How your ULIP premium is utilised

So with all of the different charges stated above, you can get a clear idea of the purpose of these extra costs and where your premiums are going. When it comes to how your premium is utilised when you invest in a ULIP, here's a rough sketch. When your premiums are paid towards a unit-linked insurance plan, the assumption is that part of it is invested in market instruments and the remainder in your life insurance policy.

This is not exactly true. Instead, the majority of your premium goes directly to the funds you have chosen to invest it in. You always have the option to switch between funds, provided you know of associated costs with this switching, to choose funds that give you the returns you are looking for. But what about the remainder of your ULIP premiums?

While the majority is invested directly into your funds, the remainder of your ULIP premiums goes into the costs stated above along with an added charge going toward your life insurance. These charges include the premium allocation cost, policy administration charges, fund management charges and other miscellaneous expenses. As specified above, some ULIP plans may also impose fund switching charges after a certain limit, partial withdrawal charges, and premature surrender charges.
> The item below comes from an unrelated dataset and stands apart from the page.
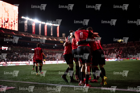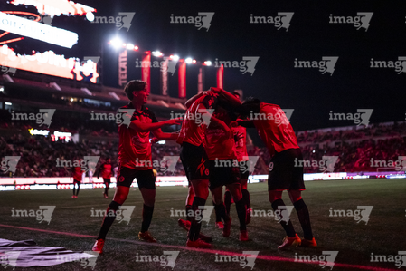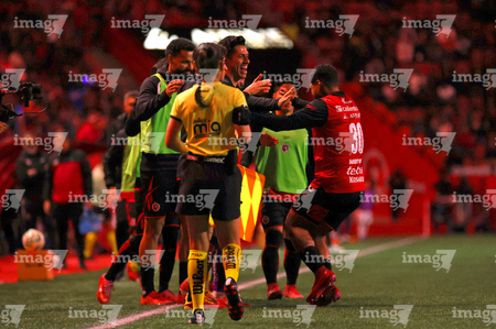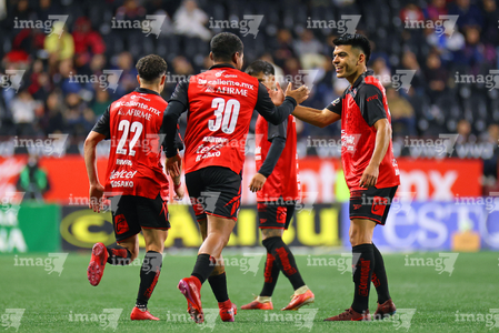 Tijuana, Baja California, 22 de abril de 2026. Jugadores de Xolos en festejo de gol, durante el partido correspondiente a la jornada 16 del torneo Clausura 2026 de la Liga BBVA MX, entre los Xolos de Tijuana y los Tuzos del Pachuca, realizado en el estadio Caliente. Foto: Imago7/Alejandro Gutiérrez Mora

Ensure you are well aware of these costs at the time of investing.

Where does life insurance factor into ULIP premiums?

If your premiums are going toward market-linked funds and added costs, where do you get your life insurance from? The answer is within the added charges.

Usually, your life insurance premium is part of the added charges in your ULIP. It is just comparatively smaller than the amount of your premium that is invested in funds. Think of mortality charges; a charge associated with the life coverage that is provided to you from your policy. This is one of the ‘added costs' but is critical since it depends on your age, policy term, and the sum that was assured to you from your policy.

The insurance cover you are expected to get from your policy is likely ten times the gross annual amount of premiums you paid subject to the terms and conditions of your policy. In case the policyholder passes away prematurely, his/her nominees can receive the death benefit as detailed under the policy. Note that some insurers also offer unit-linked insurance plans that let you receive your mortality charges back at the time of maturity. This feature is known as the return of the mortality charge.


By investing in ULIPs, you can achieve your financial goals and enjoy a fulfilling life. These products are intended to give you the best of both worlds: the protection of a life cover along with the growth from market returns. Be mindful of all the costs associated with your plan when comparing policies.